The new investment adviser will have a 12-month minimum initial term, following which the new agreement will be terminable on six months’ notice.

Capital allocation policy

Having consulted shareholders, CHRY’s board has decided that it would like to introduce a new capital allocation policy. The aim is to return the first £100m of cumulative future realisations to shareholders subject to it retaining a liquidity buffer.

Prospect of share buy backs following disposals under new capital allocation policy

CHRY would maintain a liquidity buffer of up to £50m to ensure funds are available to support portfolio companies if needed. As Figure 2 on page 6 shows, CHRY had liquid assets (cash plus shares in Wise) of about £34m at the end of December 2023.

While the discount remains wide, the £100m would be returned by way of share buybacks. It seems likely to us that concrete news of a meaningful potential disposal (such as that discussed on page 5) would lead to a re-rating in any case and the buybacks would accelerate that process.

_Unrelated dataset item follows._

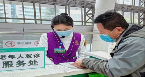 3、设立多点位“助老服务队”除一站式服务中心之外,我们还在各楼层E区上行扶梯处固定设立了“老年人就诊服务处”,实时为患者答疑解惑。在诊区、窗口、各楼层自助服务区、综合服务中心及候诊大厅等重要位置,移动设置助老导医、助老保洁与助老保安,均佩戴醒目的臂章,时刻关注老年人的独特需求,随时为他们提供便捷的移动咨询、贴心的引导与无私的帮助。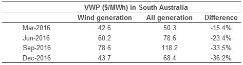 Table 1: Volume weighted price wind generators received in South Australia - 2016

CHRY has the usual permissions to repurchase up to 14.99% of its shares in issue and would ask shareholders for permission to buy back more if that authority was exceeded.

Aiming to distribute up to 25% of net cash profits on realisations longer term

Once £100m has been handed back, the plan would be to balance CHRY’s capital allocation between further distributions to shareholders and portfolio investments, aiming to distribute up to 25% of net cash profits on realisations.

We think that this is a sensible move by the board and one that should give comfort to shareholders as they consider whether to support the company’s continuation (see page 12).

Portfolio activity

As Figure 1 shows, CHRY has continued to invest in its portfolio.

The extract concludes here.